The once icy relationship between Senator Cruz and the president has thawed considerably since the tumult of the 2016 election, when the two battled it out for the Republican nomination. Since conceding to Trump and dropping out of the race, Cruz has aligned himself firmly behind the president as a reliable vote in the Senate.
President Trump responded in kind, thanking Cruz for his legislative support.
"Thanks to Ted, we now have a brand new member of the United States Supreme Court, Justice Brett Kavanaugh," Trump said.
Despite his best efforts on Monday, Trump's chummy relationship with Cruz may not be as iron-clad as the president suggests. Asked by ABC News over the weekend whether he considers Trump a friend or a foe, Cruz refrained from hanging his hat on the former.
"He's the president," Cruz told ABC News' Paula Faris in an interview that aired on "This Week" Sunday. "I work with the president in delivering on our promises."
The president made his presence felt in this heated race long before Air Force One touched down in the Lone Star State Monday evening, bashing O’Rourke on Twitter last week as a "total lightweight" and a "flake."
On Monday, Trump targeted O'Rourke again, calling him "a stone-cold phony."
"O'Rourke pretends to be a moderate, but he is actually a radical, open borders left winger," Trump said.
Despite O’Rourke’s national buzz as a progressive liberal over-performing in the conservative bastion of Texas, he still trails in most polls by nearly ten points. During a debate last week, the typically mild-mannered O’Rourke borrowed a nickname that Trump coined during the 2016 campaign, referring to Cruz as “Lyin’ Ted.”
Departing the White House on Monday afternoon, Trump renounced that moniker and coined a new nickname for Cruz.
"He's not lyin' Ted anymore, he's beautiful Ted,” Trump told ABC News Chief White House Correspondent Jonathan Karl. "I call him 'Texas Ted.'"
O’Rourke, who represents El Paso in the House of Representatives, also pledged to vote to impeach President Trump if given the chance.
Again mentioning his "10 percent tax cuts" for the middle class in addition to the "big tax cuts you've already gotten," Trump said that he has been working with Rep.

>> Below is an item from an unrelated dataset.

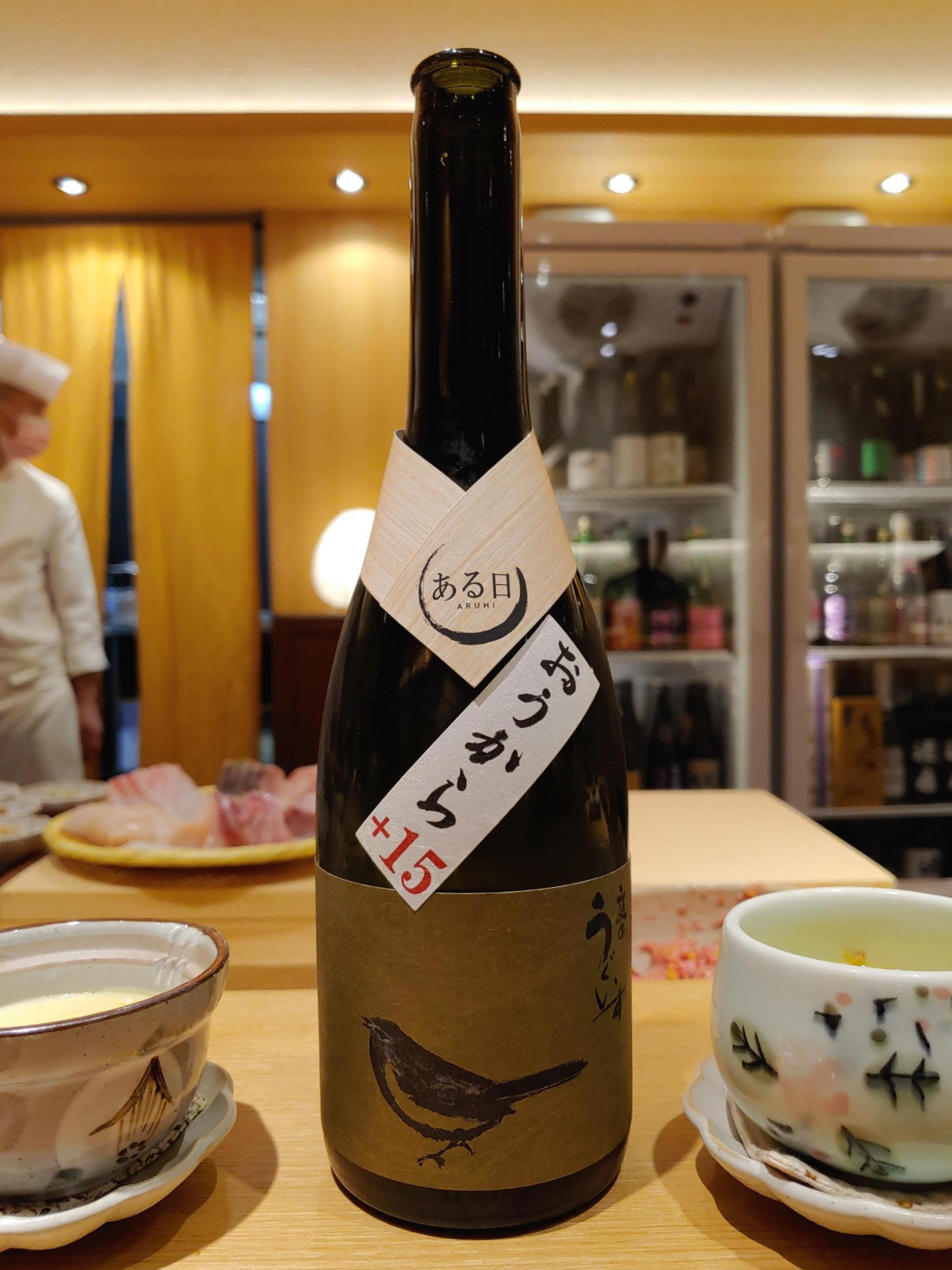 두 종류의 사케를 추천해 주셨는데 레이블의 그려진 새가 마음에 들었던 이 보틀을 골랐다.

Kevin Brady for three months, and said they are "putting it in next week."
"For all middle income people 10%" the president said.
Trump also spoke at length about the migrant caravan making its way from Central America through Mexico, with its ultimate destination the United States border -- just a couple hundred miles south of Houston -- accusing aspiring migrants of committing "an assault on our country."
"In that caravan you have some very bad people," Trump said. "We can't let that happen to our country."
Trump again claimed, without evidence, that the Democrats are behind the caravan.
"Democrats had something to do with it and now they said I think we made a big mistake. Because people are seeing how bad it is," Trump said, as he called the caravan "an assault on our country."
The total number of migrants now headed to the U.S. border is estimated to be about 7,200, the United Nations said Monday.
Recognizing the potential implications of a senate defeat in a state Trump carried by nine points in 2016, the president set his sights on Cruz’s race back in August, announcing his intention "hold a major rally" in "the biggest stadium in Texas we can find."
The Trump campaign fell slightly short of that promise, initially booking an 8,000-seat arena in Houston’s suburbs. But after a “HUGE and unprecedented” response to ticket sales, Trump campaign manager Brad Parscale announced a late change in venue to accommodate a larger audience, landing on Houston’s 18,000-seat basketball arena, the Toyota Center.
As President Trump took the stage, Houston's Police Chief Art Acevedo tweeted that approximately 3,000 people watched the rally from outside the arena.